Under the agreement Iran is tasked to limit its nuclear activities in exchange for termination of financial and economic sanctions.

The U.S. administration said in April it was launching an inter-agency review of whether the lifting of sanctions against Iran was in Washington’s national security interests.

Under U.S. law, the State Department must notify Congress every 90 days of Iran’s compliance with the JCPOA.

The statement further urged the establishment of a regular channel of communication at a senior level with Iran that would enable the U.S. to express its concerns directly to Iran’s leaders about Iranian actions, provide a channel to resolve conflicts before they escalate, and explore opportunities for working in parallel with Iran on problems that impact U.S. security interests such as in Afghanistan, Iraq, Syria and Yemen.

Back in January, dozens of American top scientists, wrote to Trump to urge him not to dismantle the Iran deal, hailing it as a “strategic asset.”

“We urge you to preserve this critical U.S. strategic asset,” read the letter, signed by 37 signatories including Nobel laureates, veteran makers of nuclear arms, former White House science advisers and the chief executive of the world’s largest general society of scientists.

Last month, the president — after a long, drawn-out battle with his top national security officials — reluctantly agreed to certify the deal for the next three months.
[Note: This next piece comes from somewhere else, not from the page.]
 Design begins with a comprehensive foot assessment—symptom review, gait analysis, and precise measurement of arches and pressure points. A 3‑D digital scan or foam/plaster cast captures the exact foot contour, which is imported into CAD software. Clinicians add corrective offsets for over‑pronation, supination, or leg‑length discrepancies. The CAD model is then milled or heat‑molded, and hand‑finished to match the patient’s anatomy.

But according to a recent report in Foreign Policy, the president has assembled a special team of White House aides whose sole task is to figure out a way to claim that Iran is violating the deal. That way he can say it was Iran’s fault the deal fell apart, not his.
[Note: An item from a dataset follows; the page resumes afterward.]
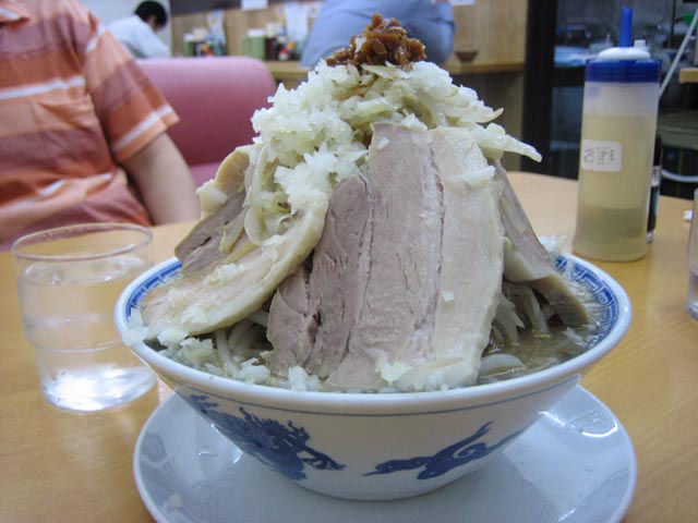 竜ヶ崎にある「角(かど)ふじ」というラーメン屋に行ってきた。 結論から言うと、(ラーメン二郎+大勝軒)÷2って感じ。 しっかり出汁の取れたラーメン二郎とも言う(笑)。 大勝軒と何の関係があるのか解らないが、東池袋の大勝軒に関する記事がいっぱい張ってあった。 しかしここは麺がおもしろい。 下の写真を見れば解る通り、細麺で普通に二郎の太さがある。 太麺が下のつけ麺のほう。かなり太くて縮れている。 太くて縮れていると、すんごくスープと絡むのよね。しょっぱかった(汗)。 スープは煮干しだしに鰹の出汁粉末がそのまま入っている感じ。味的にはかなり大味。でもそれが許せる具と麺なのよね。そういう意味ではバランスがとれている。

During his presidential campaign, Trump called the accord “the worst deal ever negotiated.” In a speech to the American Israel Public Affairs Committee, a pro-Israel lobbying group, he declared that his “No. 1 priority is to dismantle the disastrous deal” and argued that Tehran had outmaneuvered Washington in winning concessions and could still develop nuclear arms when the pact’s restrictions expire in 15 years.
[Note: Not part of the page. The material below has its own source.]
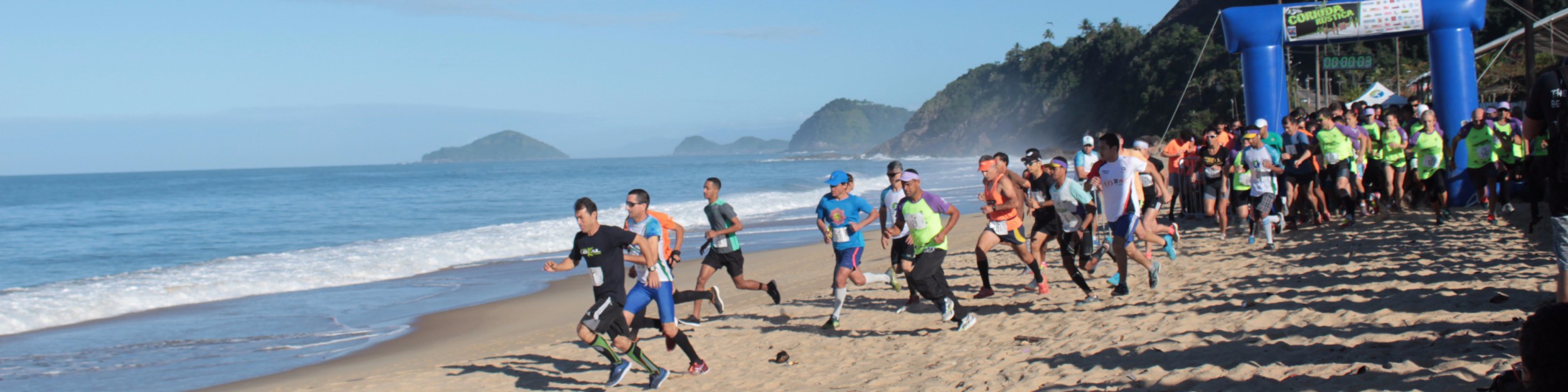 Corrida realizada na praia de Boiçucanga, São Sebastião. O circuito incluiu faixa de areia, diversos pontos de trilha e travessia de rio.

He has kept the hard line over the past months.

Trump’s claims lack supporting evidence. Experts, including the International Atomic Energy (IAEA) — the nuclear watchdog agency in charge of verifying Iran’s compliance with its obligations under the deal — says that Iran is in compliance.

The IAEA, which is tasked to monitor Iran’s compliance with the JCPOA, has confirmed six times so far that Iran has honored its commitments.

Iran has warned it would not keep mum of any substantial incompliance by Washington, saying the Trump administration has already violated the multilateral accord. 

In an interview with CNN’s Fareed Zakaria in July, Iranian Foreign Minister Mohammad Javad Zarif said that “the United States has failed to implement its part of the bargain,” citing the fact that Trump had “used his presence in Hamburg during the G20 meeting in order to dissuade leaders from other countries to engage in business with Iran.”

Paragraph 26 of the nuclear deal demands the U.S. to make best efforts in good faith to sustain it and to prevent interference with the realization of the full benefit by Iran of the sanctions lifting.

Iran’s President Hassan Rouhani, who has hailed the deal as his signature foreign policy achievement, has been vocally critical of Trump’s rhetoric.

At his swearing-in ceremony on August 5, Rouhani said: “Those who want to tear up the nuclear deal should know that they will be ripping up their own political life.”

The agreement remains, theoretically, even if the U.S. pulls out, with the five other signatories, Russia, China, Germany, France and Britain, all saying that they would continue with it. But companies and financial institutions are acutely wary of falling foul of U.S. sanctions and incurring immense financial penalties.

“I don’t see how the agreement can really survive if the U.S. really does say it is no longer part of it” was the view of Professor Mohammad Marandi, a Tehran University academic influential in Iranian government circles. "The odds will be stacked against it”. While Robert Emerson, a security analyst, said: “This is not something which is going to go away from Washington politics; the issue of the nuclear deal and Iran sanctions will be revisited many times in the future by the hardliners led by the U.S. president”.